Exercise instructions :: Transcribe the records below from the first line to the line that includes "Selanjutnya, tunggu beberapa", inclusive, and omit the pictures.

⟨

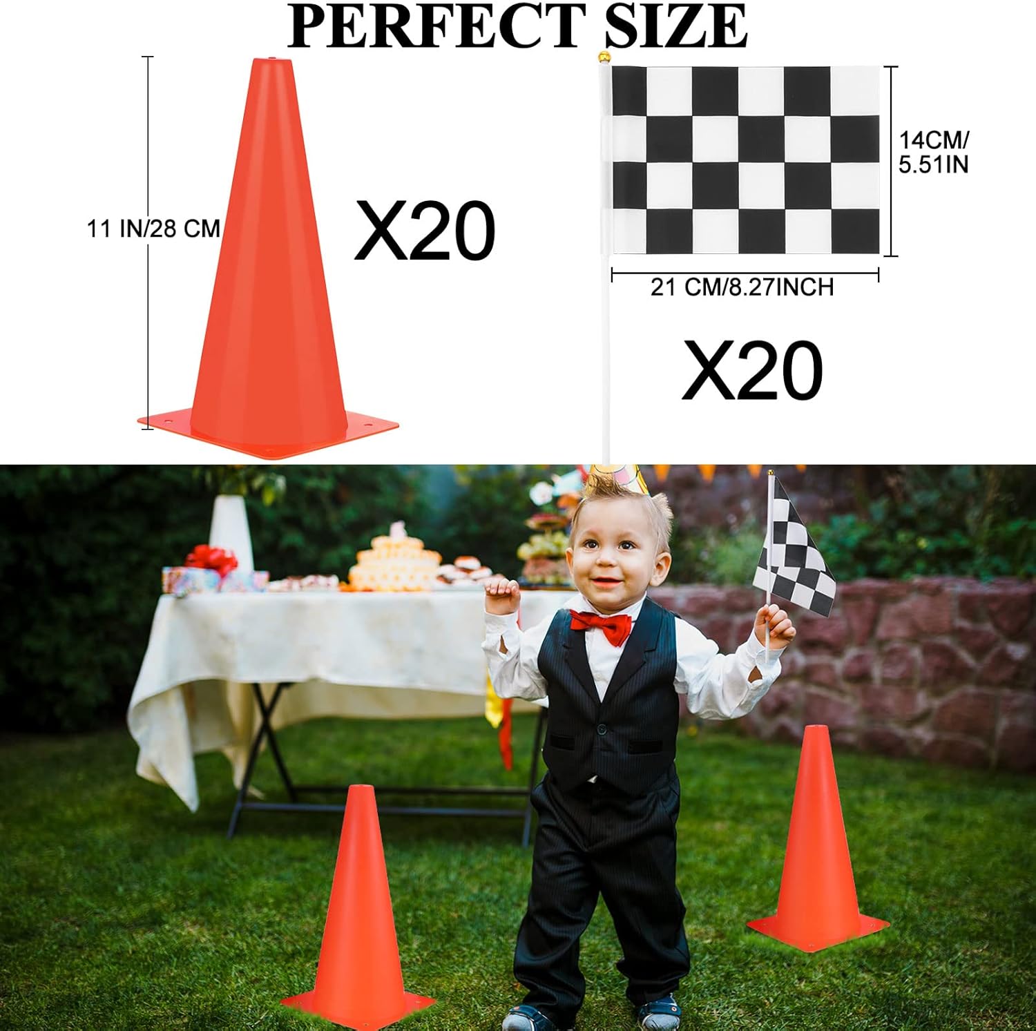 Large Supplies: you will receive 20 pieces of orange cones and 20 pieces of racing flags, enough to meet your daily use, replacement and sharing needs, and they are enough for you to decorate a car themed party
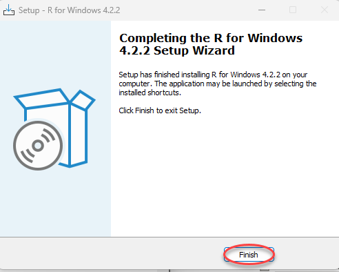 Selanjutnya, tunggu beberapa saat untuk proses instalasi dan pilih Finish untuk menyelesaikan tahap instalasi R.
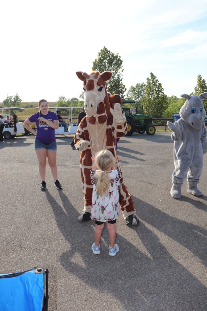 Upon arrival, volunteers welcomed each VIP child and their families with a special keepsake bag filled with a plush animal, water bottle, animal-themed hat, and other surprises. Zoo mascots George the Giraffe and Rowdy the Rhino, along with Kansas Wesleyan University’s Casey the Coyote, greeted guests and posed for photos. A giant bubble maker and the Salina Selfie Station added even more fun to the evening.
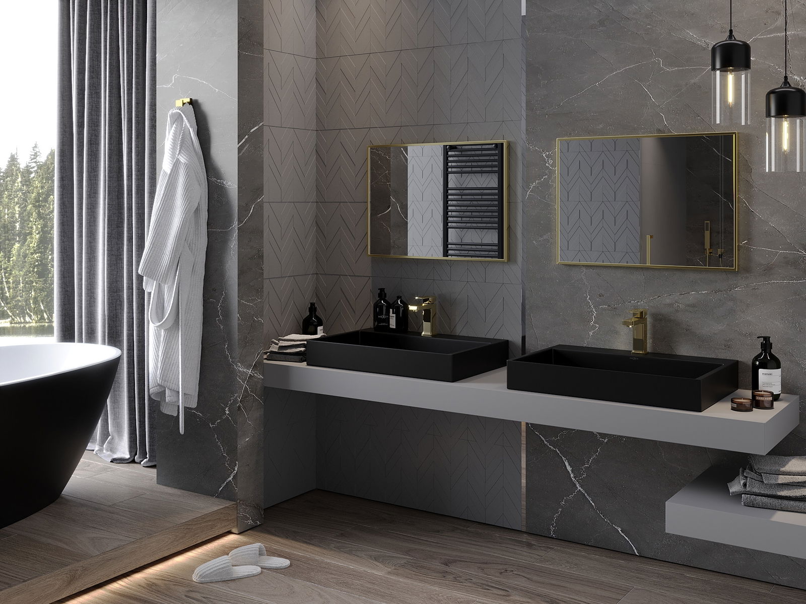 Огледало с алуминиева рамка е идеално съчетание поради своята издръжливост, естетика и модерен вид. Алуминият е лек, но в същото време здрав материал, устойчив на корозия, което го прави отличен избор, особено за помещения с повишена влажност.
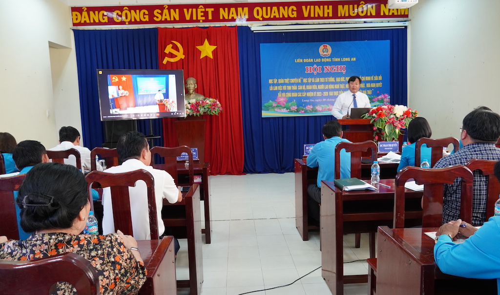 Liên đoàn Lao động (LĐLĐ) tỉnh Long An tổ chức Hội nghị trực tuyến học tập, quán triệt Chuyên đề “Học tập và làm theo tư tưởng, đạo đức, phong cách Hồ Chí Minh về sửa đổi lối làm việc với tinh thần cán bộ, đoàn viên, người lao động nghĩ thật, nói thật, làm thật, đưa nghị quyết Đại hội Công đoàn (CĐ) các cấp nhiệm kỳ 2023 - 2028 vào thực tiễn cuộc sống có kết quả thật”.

⟩

Response area ::
 Large Supplies: you will receive 20 pieces of orange cones and 20 pieces of racing flags, enough to meet your daily use, replacement and sharing needs, and they are enough for you to decorate a car themed party
 Selanjutnya, tunggu beberapa saat untuk proses instalasi dan pilih Finish untuk menyelesaikan tahap instalasi R.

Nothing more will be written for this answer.